HW 4: Data Types
Due by 11:59 PM on Sunday, April 4, 2021
Instructions
- Download the .Rmd template used for this homework
here - After completing the questions, upload both the .RMD and .pdf OR .HTML files to Canvas.
- Use tidyverse functions wherever possible.
Grading Rubric
| Question.Part: | Points | Topic |
|---|---|---|
| 1.1 | 1 | Load data using correct function and a relative path |
| 1.2a | 1.5 | Fix 5 factors |
| 1.2b | 1.5 | Fix CrimeDate and CrimeTime |
| 1.3 | 1 | Fix variable names |
| 1.4 | 1 | Fix duplicate rows |
| 1.5a | 1 | Find unique levels |
| 1.5b | 1.5 | Correct forcats function |
| 1.6 | 1.5 | Correct lubridate extraction function |
| 1.7a | 1 | Correct ggplot aes() |
| 1.7b | 1 | Correct geom and arguments |
| 1.7c | 1 | Correct orientation and faceting |
| 1.7d | 1 | Reasonable explanation |
| 1.8a | 1.5 | Correct factor reordering |
| 1.8b | 1 | Production ready plot |
| 1.9a | 1 | Correct Filtering |
| 1.9b | 1.5 | Correct day of week extraction with labels |
| 1.9c | 1 | Correct order |
| Total | 20 |
Baltimore City Crime Data:
-
Download the Baltimore City Crime dataset:
baltimore_crime.csv. This data was originally available at this URL, but it has since been moved.

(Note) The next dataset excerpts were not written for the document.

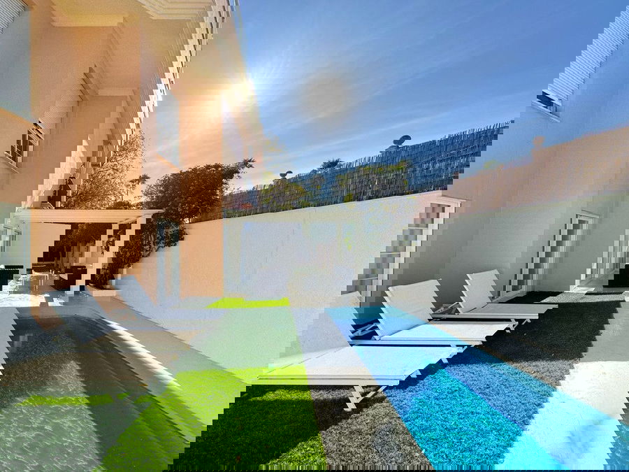 Outside, you'll find a 150 m² private garden, the perfect place to enjoy tranquility outdoors. The apartment also features a terrace with a solarium and a private pool, where you can relax and enjoy unique moments in complete privacy.
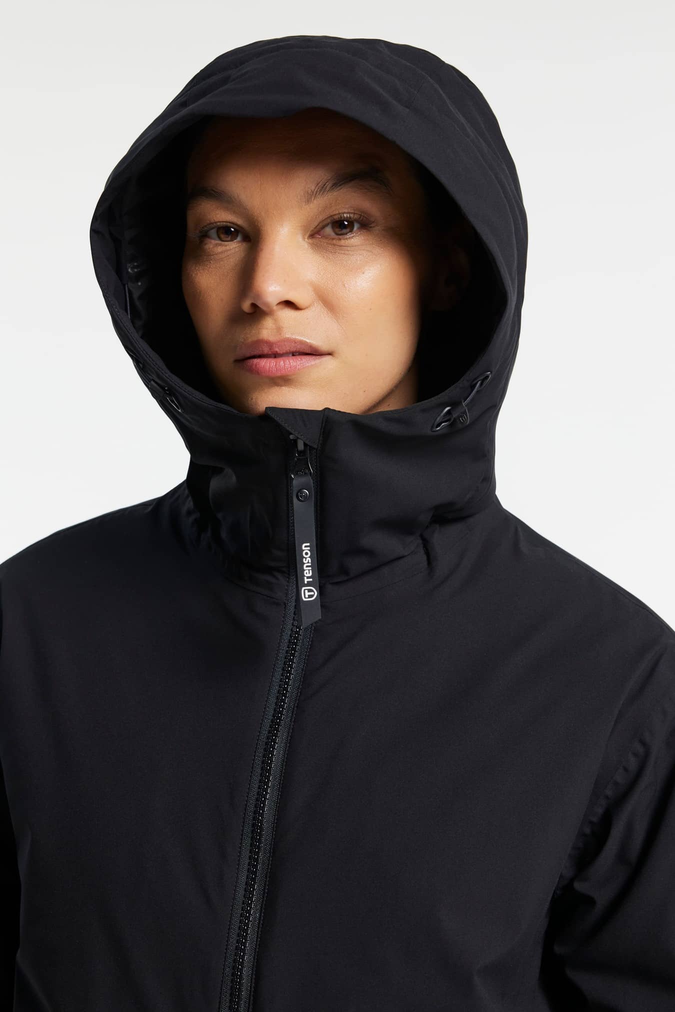 Maddie-jakken er en let polstret vind- og vandtæt damejakke med fast hætte. Udstyret med tapede sømme og Tensons egen MPC-teknologi (WP 5.000 mm / MP 5.000 g/m2/24 t), som kombinerer meget effektiv vandtæthed med enestående åndbarhed. Den har også Tensons genanvendte AirPush™ Insulate-isolering, der er udviklet til at være blød, varm og let. Den har to diskrete sidelommer med lynlås, E-dye-polyesterfor og PFC-fri vandafvisende overflade.
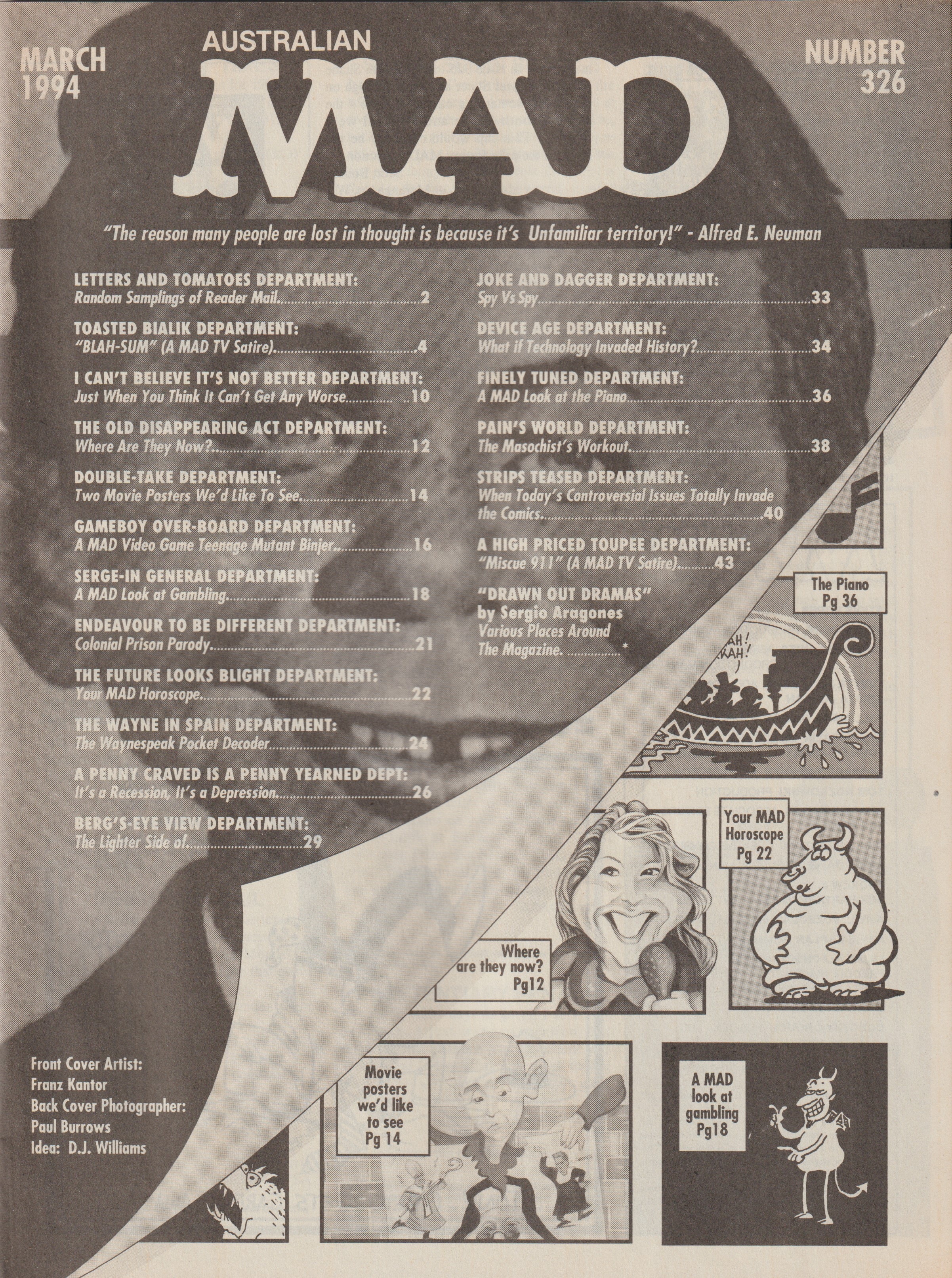 MAD Magazine #326 MAD Magazine (Australia) Updated: July 28th, 2021 Country: AustraliaCover: Predictably MAD - You will buy this issueSale price: AU$2.95Format: Magazine Editorial Cover Artist: Steve Lopes Additional Images
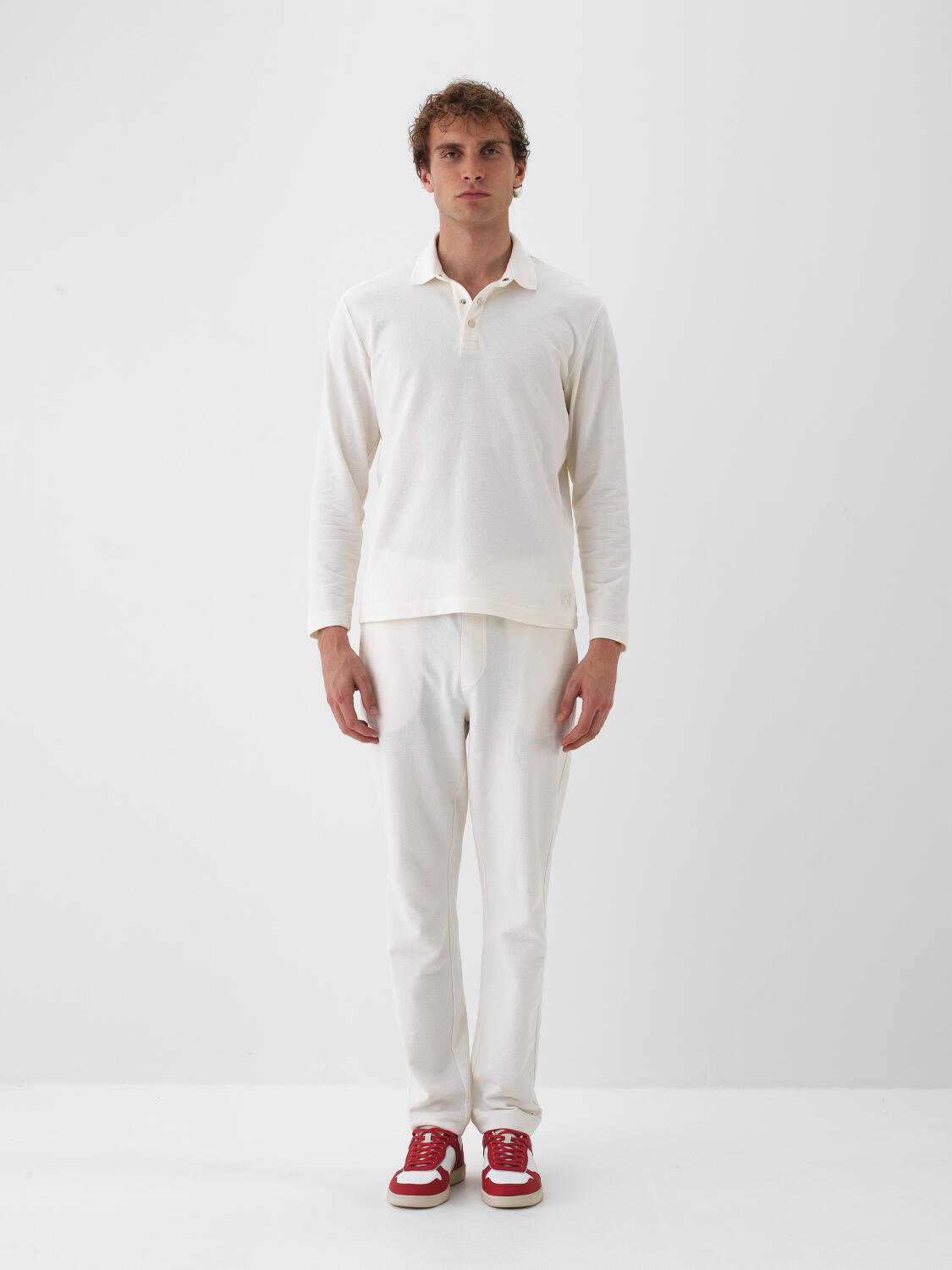 White Modal Textured Slim Fit Long Sleeve T-Shirt - Xint
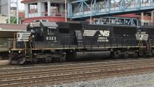 Former NS 5408/CR 6714 is seen leading NS 17G west at Altoona, PA on 6/13/14. Unit was rebuilt by NS to a SD40E and was released from JBS in Apr of 2010.
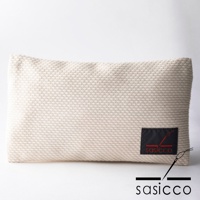 三河木綿刺子織文件收納包,黑色 logo 標誌,包含針線與品牌名稱「sasicco」。
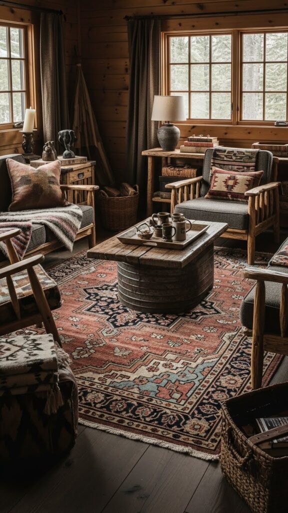 A single well-chosen antique or Persian-style rug can anchor your cabin’s layout, adding depth, history, and a patina that modern textiles rarely match.
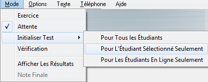Le mode d'une activité ne peut être changé que lorsque le Tracker de l'activité est ouvert. Pour change de mode, sélectionnez Mode puis Exercice Ou Initialiser Test dans la barre de menus supérieure.
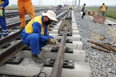 采用邊鋪設(shè)邊焊接的流水線作業(yè),夏天晚上施工,爭(zhēng)取搶在今年入冬前完成鋼軌焊接。
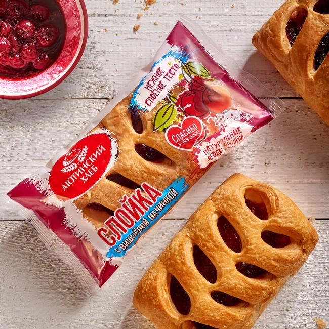 Очень нежное тесто, воздушные, много вкусной начинки. Выгодно отличается от аналогичного продукта других производителей за счет большего количества начинки, размера и веса. Начинка слойки с вишней состоит из натуральных ягод вишни - настоящий вкус лета.
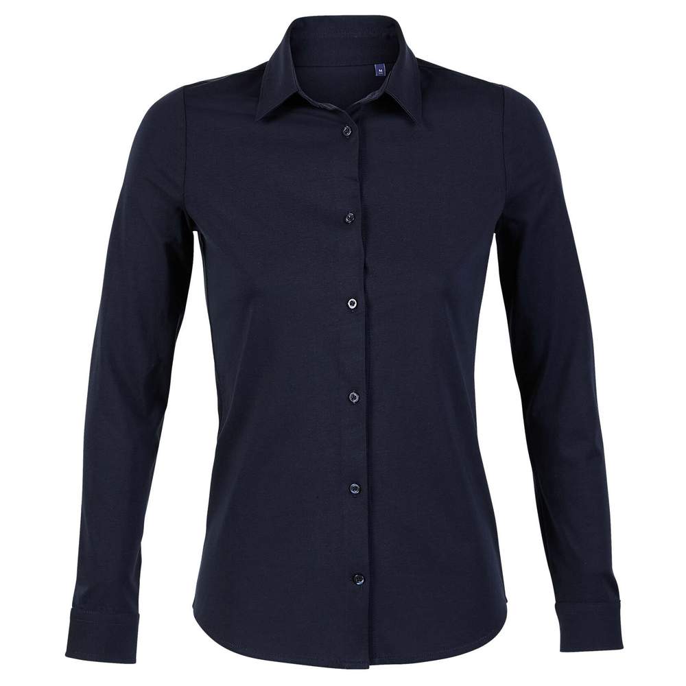 Kemisk i merceriserad jersey för kvinnor. Modellen har långa ärmar med en italiensk krage. Avrundade manschetter med två justerbara knappar och överdragsmanchett. Kemiken stängs med ett knäppsystem (överdrag med 7 knappar, matchande färg på textilen). Sammansättning 100% cotton
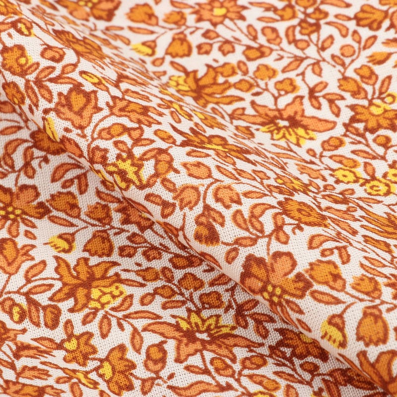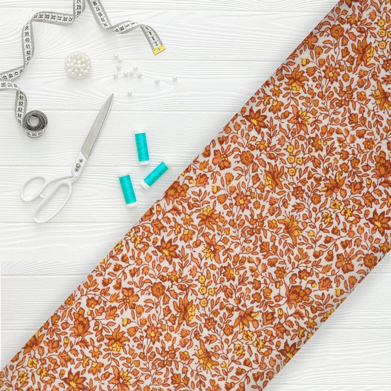 Yellow And White Floral Pattern Screen Print Rayon Fabric

Use a readr function to load the data. -
Review the data and fix variable types.
- Make sure you convert
CrimeCode,Description,Inside/Outside,Weapon, andDistricteach to factors,- You can change col_types in your
read_csv()function and / or usingmutate().
- You can change col_types in your
- Parse
CrimeDateandCrimeTimeinto date and time (or period) objects usinglubridatefunctions. - hint: There will be parse failure dialogue if you didn’t declare
quiet = TRUE. That’s okay.
- Make sure you convert
-
Fix non-standard variable names
- Use a “_” to replace the “/” or " " in the three non-standard variable names
- Show the new names of the dataframe columns
-
Fix duplicate rows
- Are there any duplicate rows?
- Remove them from the current data frame
-
Fix different codings for variables
- Find the unique levels for Inside_Outside.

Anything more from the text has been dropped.